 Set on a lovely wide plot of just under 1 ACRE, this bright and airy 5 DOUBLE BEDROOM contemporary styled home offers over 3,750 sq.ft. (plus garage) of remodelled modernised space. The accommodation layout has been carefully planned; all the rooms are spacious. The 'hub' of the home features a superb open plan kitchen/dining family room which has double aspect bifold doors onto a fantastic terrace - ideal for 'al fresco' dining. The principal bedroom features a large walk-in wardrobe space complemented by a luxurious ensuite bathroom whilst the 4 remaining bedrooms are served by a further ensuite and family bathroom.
* * *
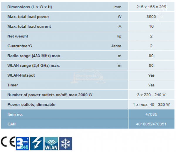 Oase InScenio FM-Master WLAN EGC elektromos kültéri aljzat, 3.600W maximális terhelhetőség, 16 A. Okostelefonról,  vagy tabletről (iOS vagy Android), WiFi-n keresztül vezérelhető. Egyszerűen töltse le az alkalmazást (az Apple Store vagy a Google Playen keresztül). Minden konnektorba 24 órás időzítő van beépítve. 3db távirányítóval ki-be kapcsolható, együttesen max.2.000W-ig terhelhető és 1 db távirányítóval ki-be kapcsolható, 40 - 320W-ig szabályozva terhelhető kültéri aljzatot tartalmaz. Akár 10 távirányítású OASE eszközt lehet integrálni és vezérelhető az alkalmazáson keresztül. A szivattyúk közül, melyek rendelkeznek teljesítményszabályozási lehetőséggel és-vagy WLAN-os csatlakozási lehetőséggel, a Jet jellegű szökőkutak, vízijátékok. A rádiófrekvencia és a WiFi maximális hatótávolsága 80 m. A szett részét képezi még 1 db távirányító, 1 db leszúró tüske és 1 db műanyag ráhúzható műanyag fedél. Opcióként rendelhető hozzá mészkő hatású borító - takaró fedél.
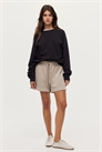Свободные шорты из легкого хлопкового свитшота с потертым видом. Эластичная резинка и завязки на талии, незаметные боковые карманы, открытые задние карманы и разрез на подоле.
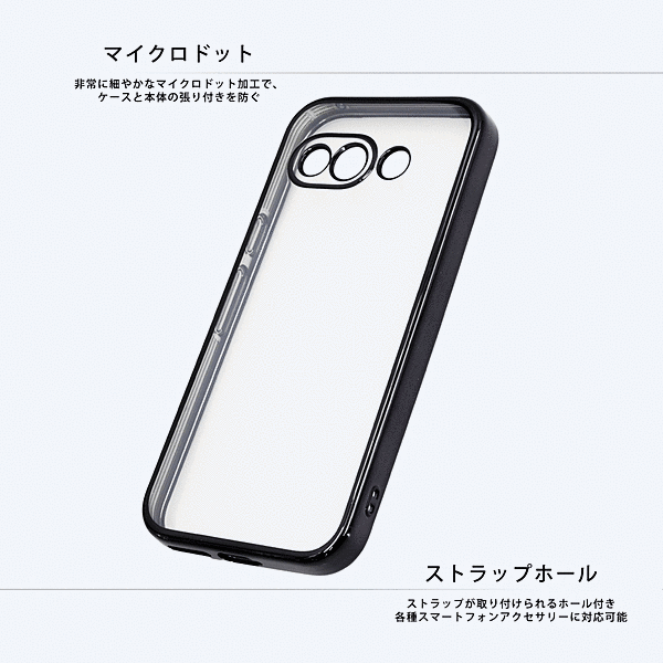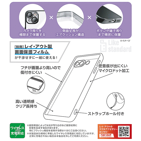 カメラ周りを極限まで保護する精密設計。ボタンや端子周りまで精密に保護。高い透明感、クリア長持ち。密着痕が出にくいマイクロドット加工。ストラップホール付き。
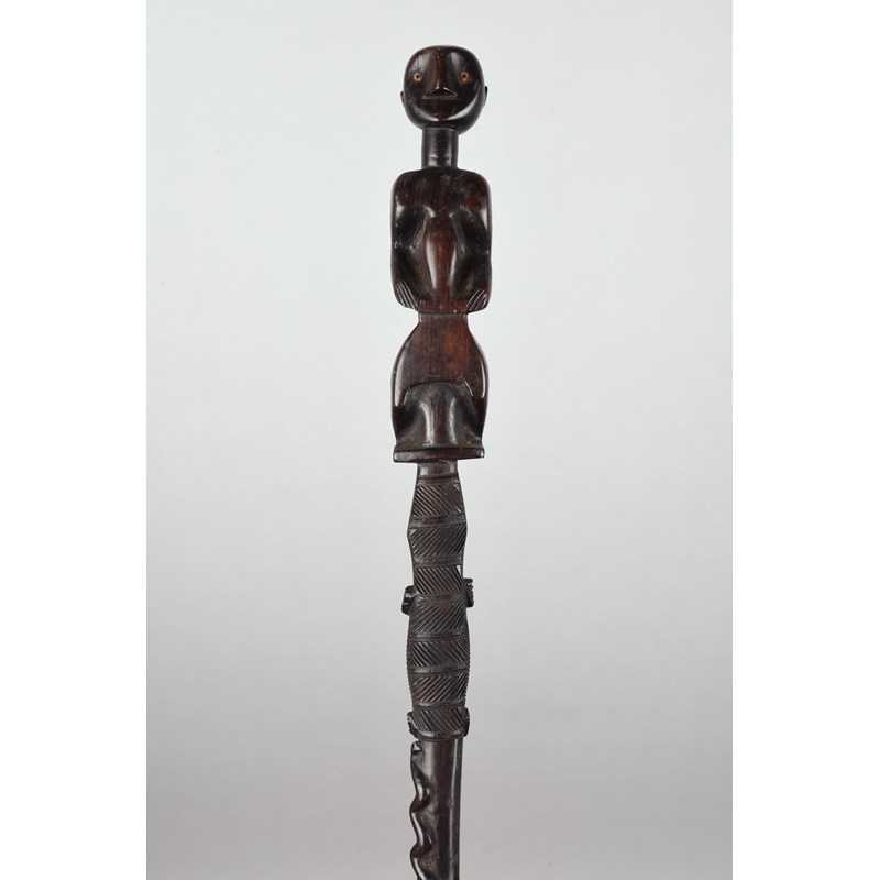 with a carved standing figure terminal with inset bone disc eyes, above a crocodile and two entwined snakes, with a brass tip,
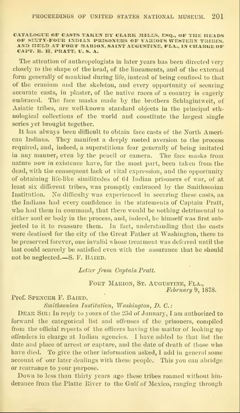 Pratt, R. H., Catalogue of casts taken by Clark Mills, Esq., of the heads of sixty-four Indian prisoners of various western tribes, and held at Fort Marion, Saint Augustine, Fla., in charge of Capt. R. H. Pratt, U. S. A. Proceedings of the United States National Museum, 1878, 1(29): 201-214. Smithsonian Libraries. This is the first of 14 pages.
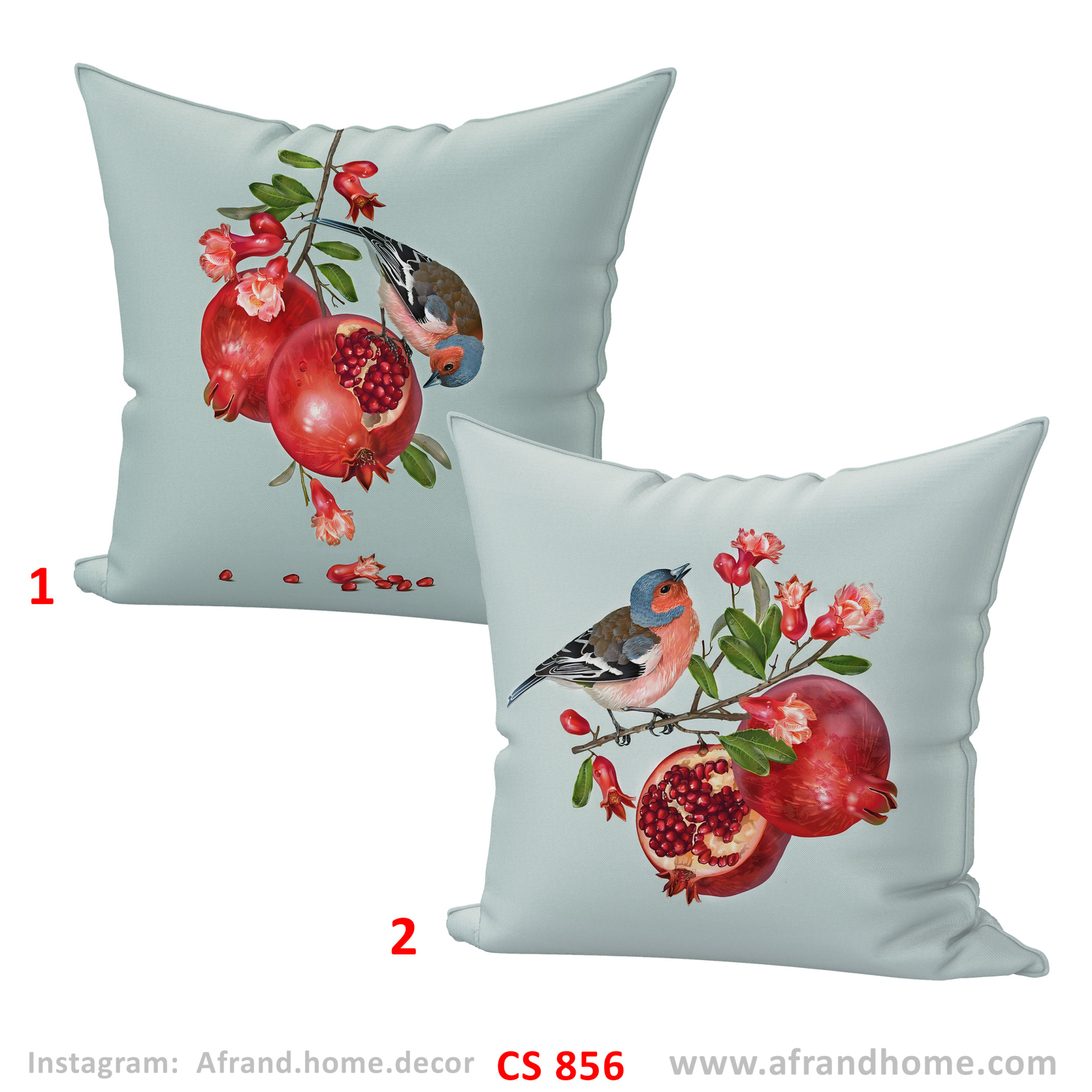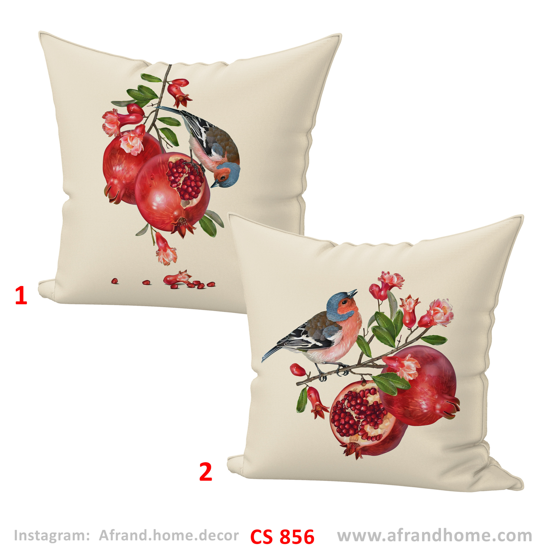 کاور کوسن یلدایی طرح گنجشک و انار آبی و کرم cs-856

• _Instructions for the task_
Print, word for word, the lines above that run from the line containing "カメラ周りを極限まで保護する" to the line containing "کاور کوسن یلدایی", both included. Keep the pictures out.

• _Reply_
 カメラ周りを極限まで保護する精密設計。ボタンや端子周りまで精密に保護。高い透明感、クリア長持ち。密着痕が出にくいマイクロドット加工。ストラップホール付き。
 with a carved standing figure terminal with inset bone disc eyes, above a crocodile and two entwined snakes, with a brass tip,
 Pratt, R. H., Catalogue of casts taken by Clark Mills, Esq., of the heads of sixty-four Indian prisoners of various western tribes, and held at Fort Marion, Saint Augustine, Fla., in charge of Capt. R. H. Pratt, U. S. A. Proceedings of the United States National Museum, 1878, 1(29): 201-214. Smithsonian Libraries. This is the first of 14 pages.
 کاور کوسن یلدایی طرح گنجشک و انار آبی و کرم cs-856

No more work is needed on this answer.